# Exercise:
Please, from the entries below, transcribe exactly the lines that begin at the line with "re nomi provenienti" and end at the line with "ศ.นพ.ยง ภู่วรวรรณ หัวหน้าศูนย์เชี่ยวชาญเฉพาะทาง", without the pictures.

# Records to process:
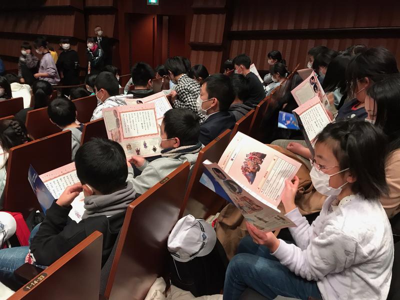 開演5分前。みんなパンフレットに興味津々です。どんな「かんげき」があるのか、ワクワクしています。
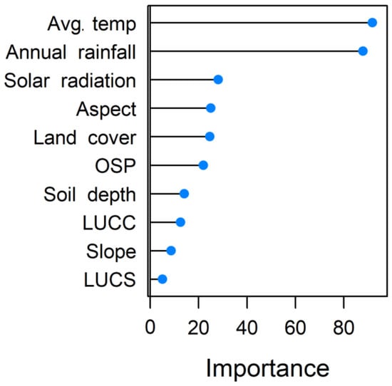It is also important to analyze the effects and relative importance levels of the parameters used in researching the suitability of the land for olive cultivation on a regional scale. In this context, the relative importance levels of the parameters used for olive cultivation with the RF algorithm are seen in Figure 11. This figure was produced using the built-in variable importance (or feature importance) function (varImp) of the RF algorithm. The variable importance function assigns a score that expresses how useful the input variables are in estimating a target variable, using techniques such as Gini importance and permutation variable importance []. Relative importance scores can be used in a predictive model to better understand the data and the model and reduce the number of input features. In the RF model produced in this study, average temperature and annual total precipitation were the two most important and effective parameters, while LUCS and slope were the least important and effective parameters. Again, solar radiation, aspect, land cover, OSP, soil depth, and LUCC parameters were also effective in order of importance (Figure 11).
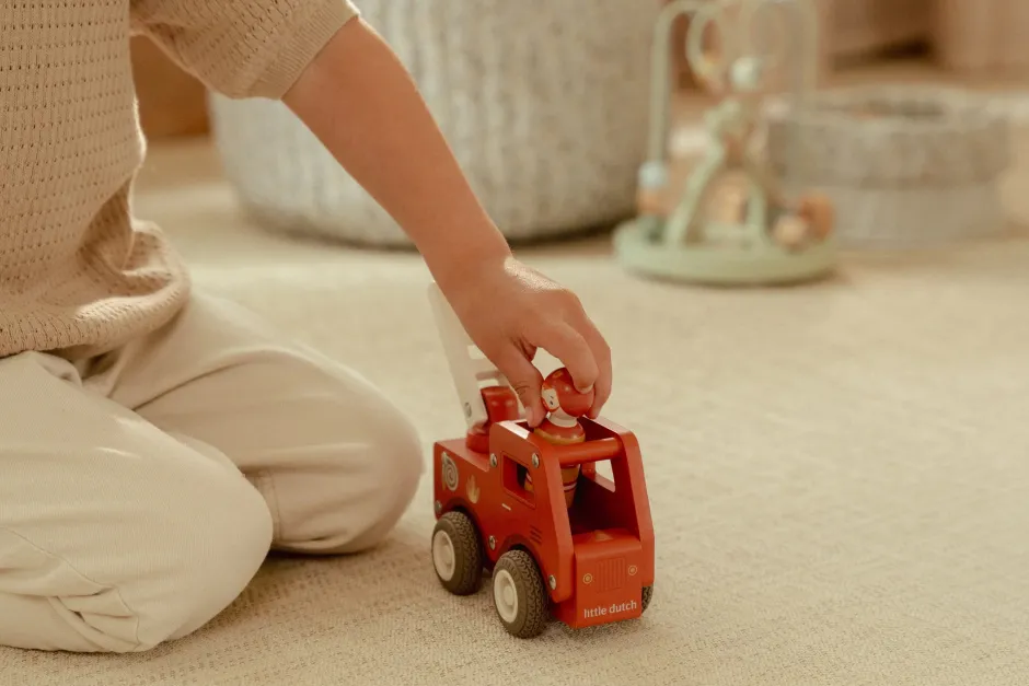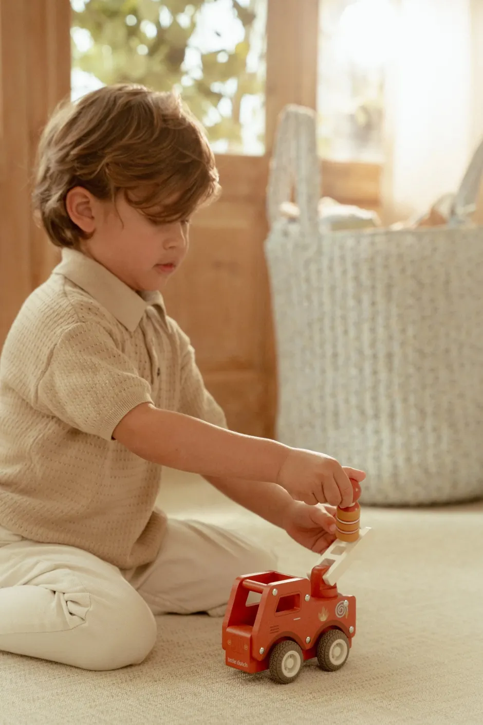 ¡Bomberos listos! Apaga el fuego y salva el día con este robusto camión de bomberos de madera. La escalera móvil facilita cualquier misión de rescate, mientras que las ruedas de goma garantizan un desplazamiento suave. Ayuda a los animales a bajar de los árboles altos y asegúrate de que todos estén a salvo. El set incluye un valiente bombero siempre listo para ayudar. ¡Perfecto para combinar con la estación de bomberos y disfrutar de aún más acción!
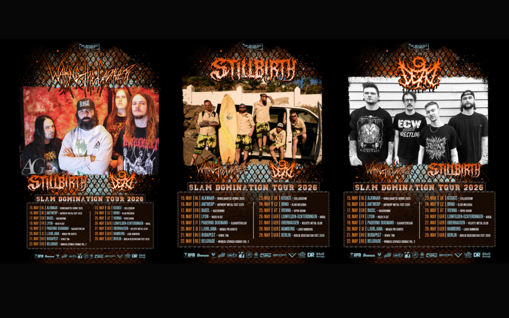 re nomi provenienti da diversi angoli della musica estrema si uniranno per un intero tour europeo a maggio 2026. I Waking The Cadaver (USA), gli Stillbirth (Germania) e i 9Dead (USA) porteranno lo Slam Domination Tour 2026 tra club e festival di 12 paesi, un tour concepito per breakdown, blastbeat e set pesantissimi dall’inizio alla fine.
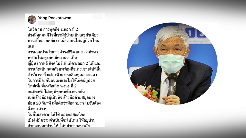 ศ.นพ.ยง ภู่วรวรรณ หัวหน้าศูนย์เชี่ยวชาญเฉพาะทาง ด้านไวรัสวิทยาคลินิก คณะแพทยศาสตร์ จุฬาลงกรณ์มหาวิทยาลัย โพสต์เฟซบุ๊ก ว่า โควิด-19 การพูดถึงระลอกที่ 2 ช่วงนี้ทุกคนดีใจที่เรามีผู้ป่วยเป็นเลขตัวเดียวนานเป็นอาทิตย์และเมื่อวานนี้ไม่มีผู้ป่วยใหม่เลย
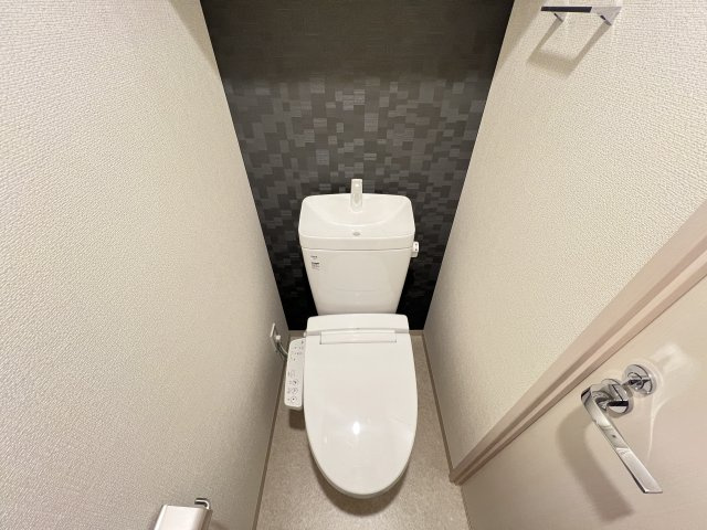 次にトイレをご紹介いたします!ウォッシュレット付きで、温水洗浄便座などの機能も付いてます!冬場など寒いときに、便座が冷たいとひんやりしちゃいますよね、ですが便座温かくできるので安心です!トイレも壁紙1面違うので、シックな大人っぽい雰囲気になります!
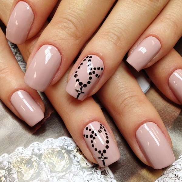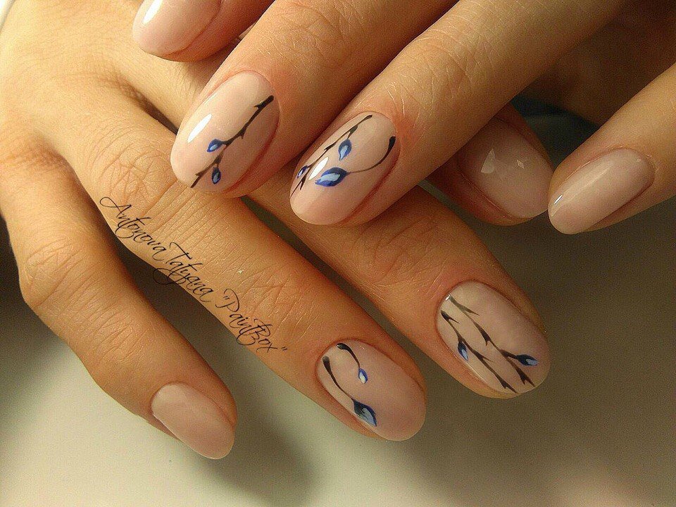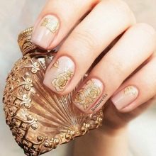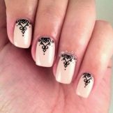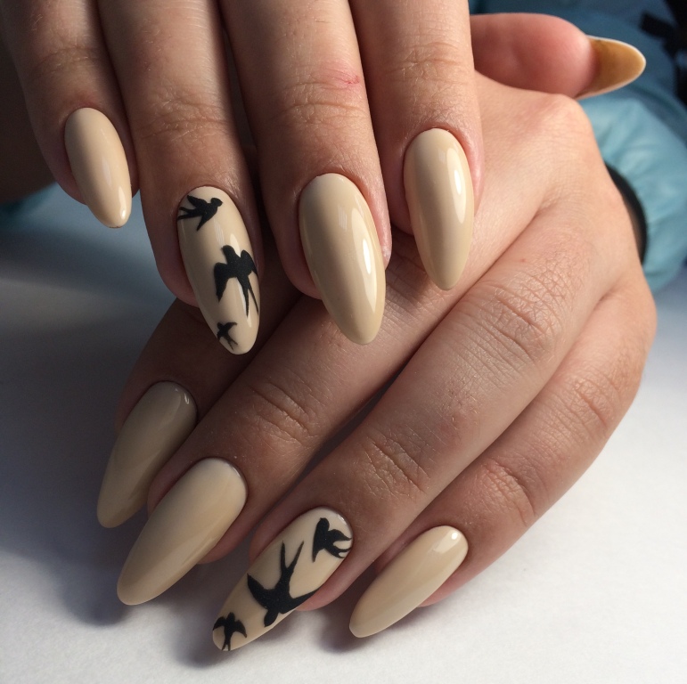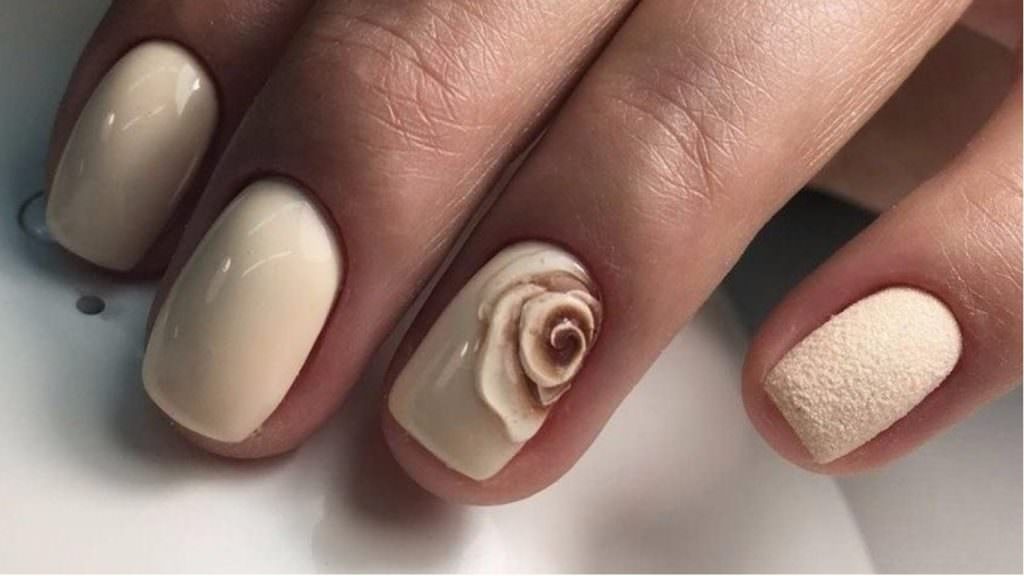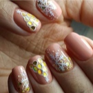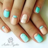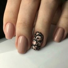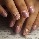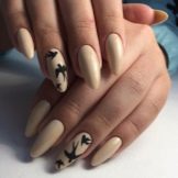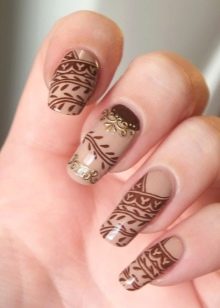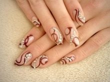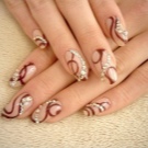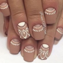 To show its versatility, you can use several tones of lacquer or choose acrylic paints of several tones of beige. Look on the nails such a design will be stylish and new. In addition, if you decorate the picture with a dark outline, white laces or even small rhinestones, the manicure will look fresh and unique.
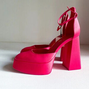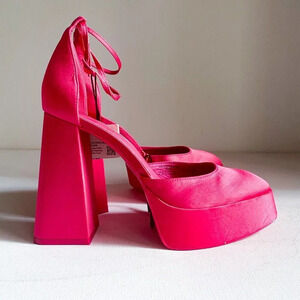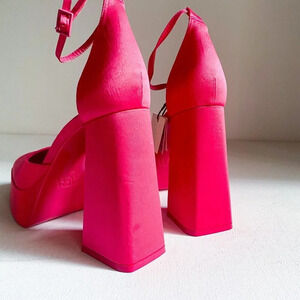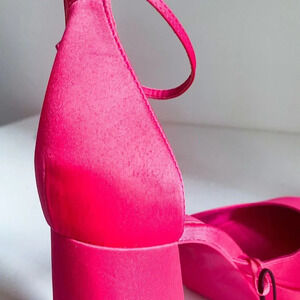Zara Hot Pink Satin Chunky Block Heel Platform Heels 7.5
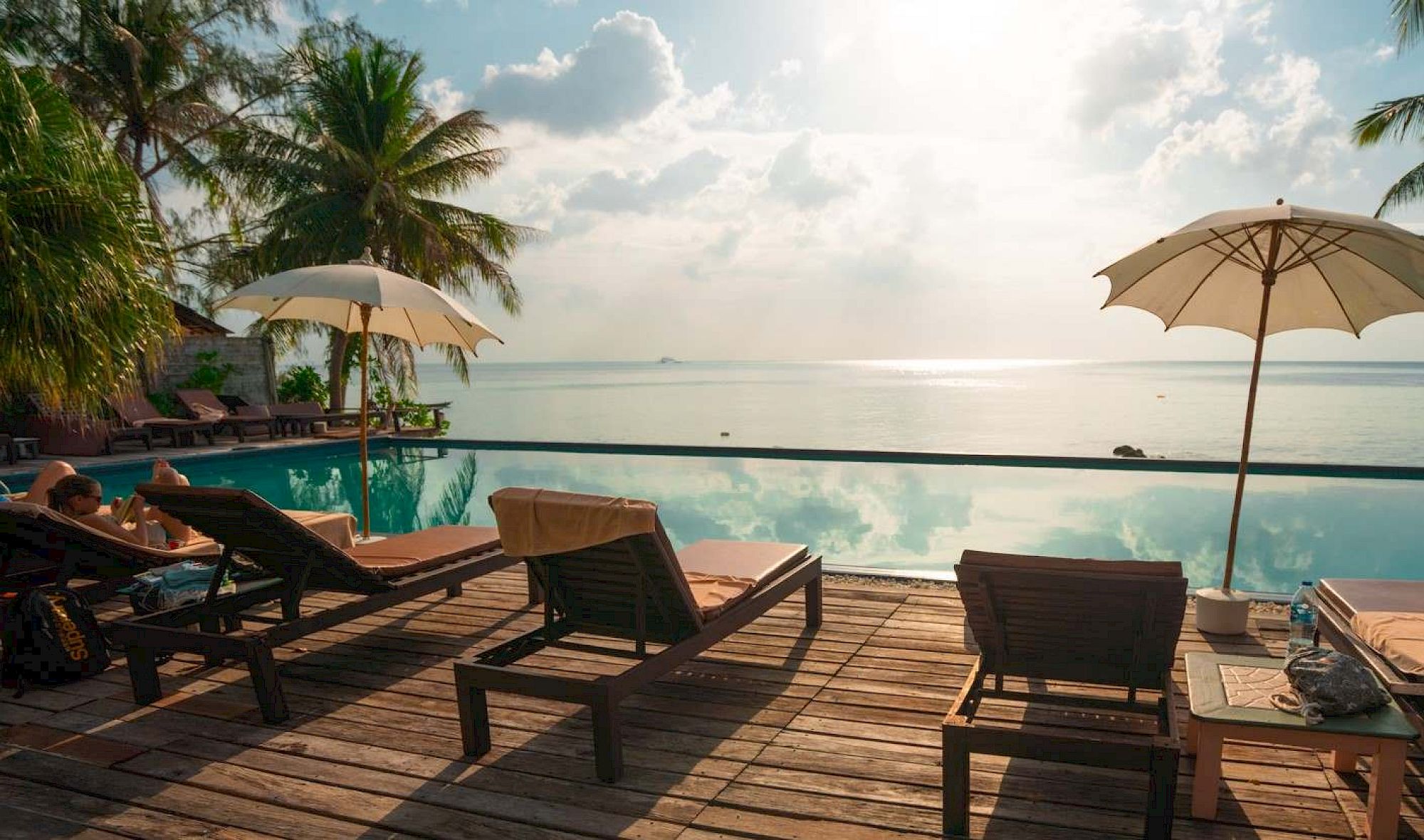 A serene poolside scene with lounge chairs, umbrellas, and palm trees, overlooking calm water under a partly cloudy sky.
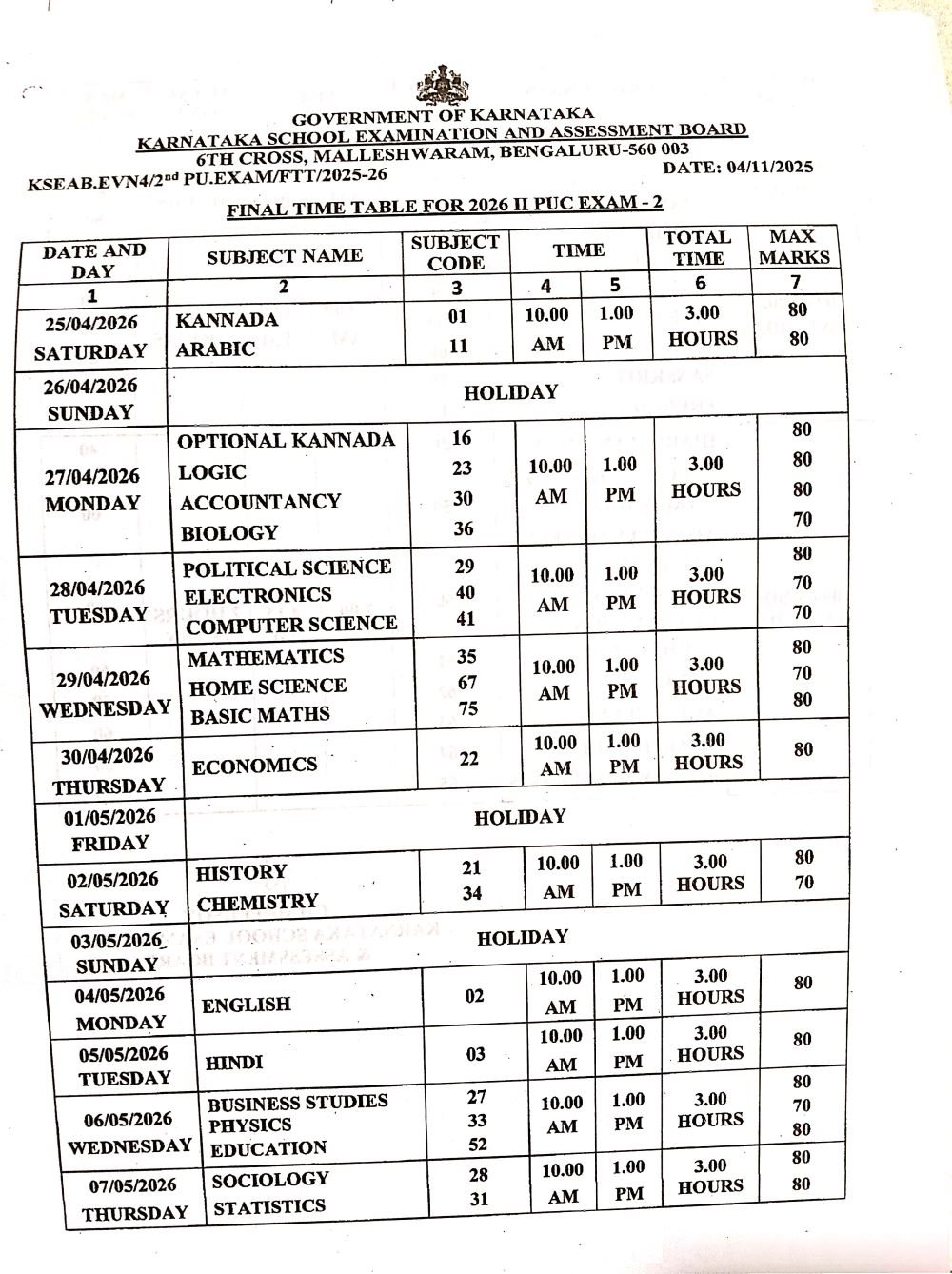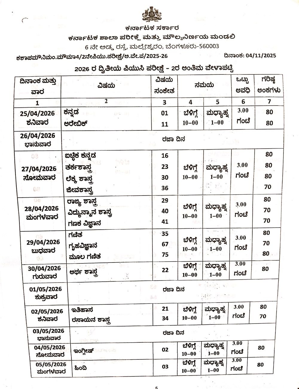 ದ್ವಿತೀಯ ಪಿಯುಸಿ ಪರೀಕ್ಷೆಯು 2026ರ ಏಪ್ರಿಲ್‌ 25ರಿಂದ 2026ರ ಮೇ 9ರವರೆಗೆ ನಡೆಯಲಿದೆ. ಈಗಾಗಲೇ ಅಂತಿಮ ವೇಳಾಪಟಿಯನ್ನೂ ಪ್ರಕಟಿಸಿದೆ. ಈ ಪರೀಕ್ಷೆ ನಂತರ ಮೌಲ್ಯಮಾಪನ ಕಾರ್ಯಗಳು ಮತ್ತು ಫಲಿತಾಂಶ ಪ್ರಕಟಿಸುವ ಪೂರ್ವ ಸಿದ್ಧತೆಗಳೂ ಸಹ 2026ರ ಮೇ 11ರಿಂದ 2026ರ ಮೇ 25ರವರೆಗೆ ನಡೆಸಲು ಇಲಾಖೆಯು ಉದ್ದೇಶಿಸಿದೆ.

# Problem solution:
 re nomi provenienti da diversi angoli della musica estrema si uniranno per un intero tour europeo a maggio 2026. I Waking The Cadaver (USA), gli Stillbirth (Germania) e i 9Dead (USA) porteranno lo Slam Domination Tour 2026 tra club e festival di 12 paesi, un tour concepito per breakdown, blastbeat e set pesantissimi dall’inizio alla fine.
 ศ.นพ.ยง ภู่วรวรรณ หัวหน้าศูนย์เชี่ยวชาญเฉพาะทาง ด้านไวรัสวิทยาคลินิก คณะแพทยศาสตร์ จุฬาลงกรณ์มหาวิทยาลัย โพสต์เฟซบุ๊ก ว่า โควิด-19 การพูดถึงระลอกที่ 2 ช่วงนี้ทุกคนดีใจที่เรามีผู้ป่วยเป็นเลขตัวเดียวนานเป็นอาทิตย์และเมื่อวานนี้ไม่มีผู้ป่วยใหม่เลย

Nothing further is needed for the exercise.